[Mack]

Hi everyone, I am having a little trouble with deciding on which way this reaction will go. 2-iodo-2-methylpropane with NaN₃ in the solvent of DMF. I believe that no reaction will occur. Since it is tertiary no Sn2 and since NaN₃ is a decent nucleophile and the solvent is protic I figured that removes the Sn1 and E1. I figured E2 would also not occur either because NaN₃ is a better nucleophile than base. I was wondering if this logic was correct, thanks for any help

[antimatter101]

There should be some tertiary carbocation formed for the reaction to proceed. What is the concentration of H+?

[Altered State]

Hi everyone, I am having a little trouble with deciding on which way this reaction will go. 2-iodo-2-methylpropane with NaN₃ in the solvent of DMF. I believe that no reaction will occur. Since it is tertiary no Sn2 and since NaN₃ is a decent nucleophile and the solvent is protic I figured that removes the Sn1 and E1. I figured E2 would also not occur either because NaN₃ is a better nucleophile than base. I was wondering if this logic was correct, thanks for any help

As you said, Sn2 won't occur because your alkyl halide it is tertiary.

But you are wrong about unimolecular processes... Protic solvents do favor Sn1 or E1 reactions, they help stabilizing the charge of the ions that are formed. But keep in mind that this is not a very important factor in chosing a mechanism, generally both Sn1 and Sn2 can occur in both protic or aprotic solvents.
And obviously the fact that you have a strong nucleophile won't favor nothing to occur in your mixture, but totally the opposite.

You should know that if you have a good leaving group and a good nucleophile, reaction will occur in most cases, the facts to take in account you probably were given (http://jamesash.wpengine.netdna-cdn.com/wp-content/uploads/2012/08/compare-sn1sn2.png) are just to choose which mechanism adapts better to your reaction conditions.

Take a look: http://www.masterorganicchemistry.com/2012/08/08/comparing-the-sn1-and-sn2-reactions/

[Mack]

That is my bad I had a typo DMF is an aprotic solvent...so my problem still stands, I understand that it is the reaction that better adapts yet with so much conflicting its hard to say, but is why I considered E2??

[Altered State]

Like I said solvent characteristics are not determinant.

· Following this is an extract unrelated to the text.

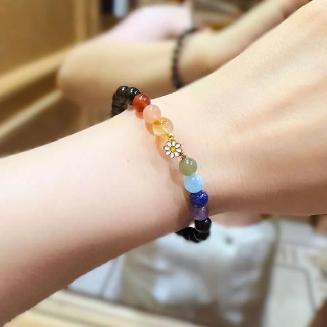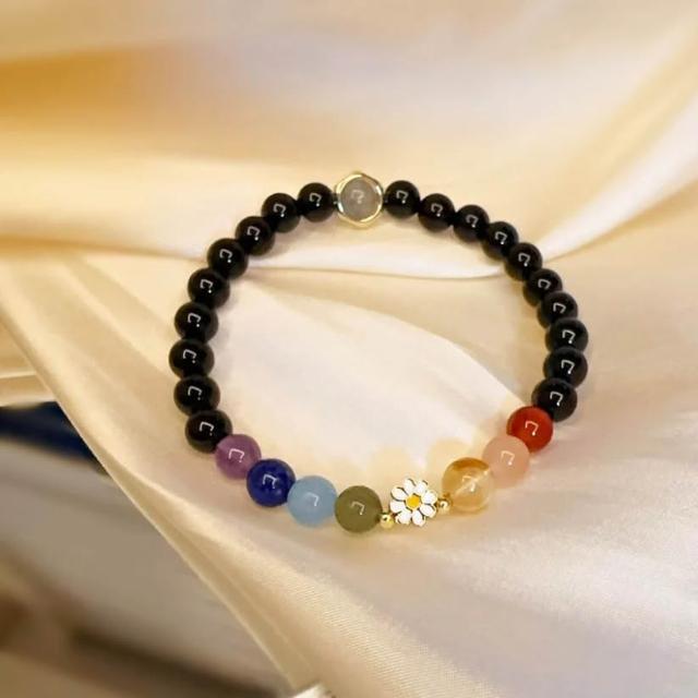 彩虹雛菊|七脈輪。黑瑪瑙。水晶手鍊|綜合能量|EnCounter Love 隱愛

You have a tertiary alkyl halide, it will be Sn1 or E1 for sure.
You have strong nucleophile and no strong base, it will be Sn1.

[hinhthoi]

Actually there is not much clear cut on whether you should choose SN1 or E1 since both mechanism actually occur. The choice are different based on the condition of the reaction. Academic argument may prefer to choose SN1 because N3- is a better nucleophile than base. But there is no other information related to Pressure and temperature of the reaction. These 2 factors indeed affect the ratio of SN1/E1. Higher temperature and lower pressure prefer E1.

[orgopete]

Even though sodium azide is not a strong base, I still predict an E2 elimination. Hydrazoic acid has about the same acidity as acetic acid, so the result should be the same as treating with sodium acetate. Since the iodide is tertiary, an SN2 reaction will not occur due to the higher electron density donated by the methyl groups. That electron donation lengthen the C-I bond also. Lengthening the C-I bond increases the hyperconjugation of the C-H bonds (which are all equal). If they were not equal, then the more substituted would contribute more (more electron rich). This normally gives a Zaitsev product. In this case, they are all the same, so I predict an E2 elimination.

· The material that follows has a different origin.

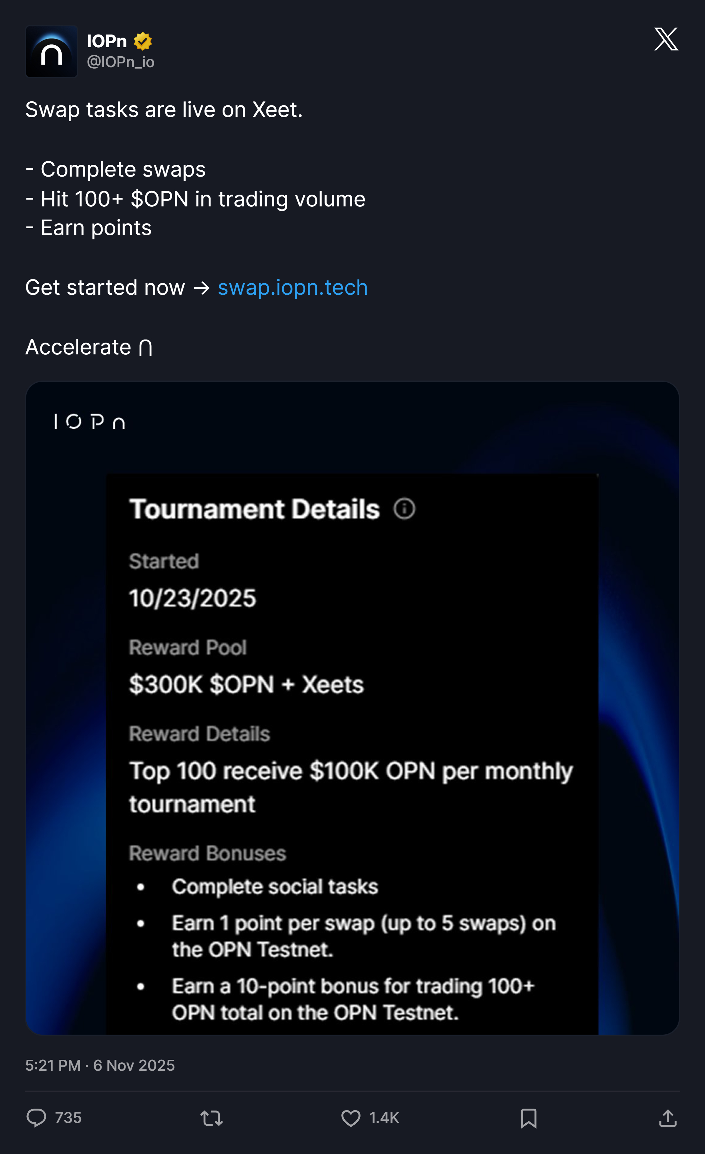 Swap fake tokens, earn real rewards — farm free points on IOPn’s testnet before the airdrop hits. 🚀

Because sodium azide is not as basic, I expect the reaction to be slower than a similar reaction in which a stronger base were present. None the less, I expect all other factors to be similarly applicable.

Now, since everything I've said is simply conjecture, I could be wrong. To answer this, it would be helpful if someone could look up this reaction (or similar) and post the results.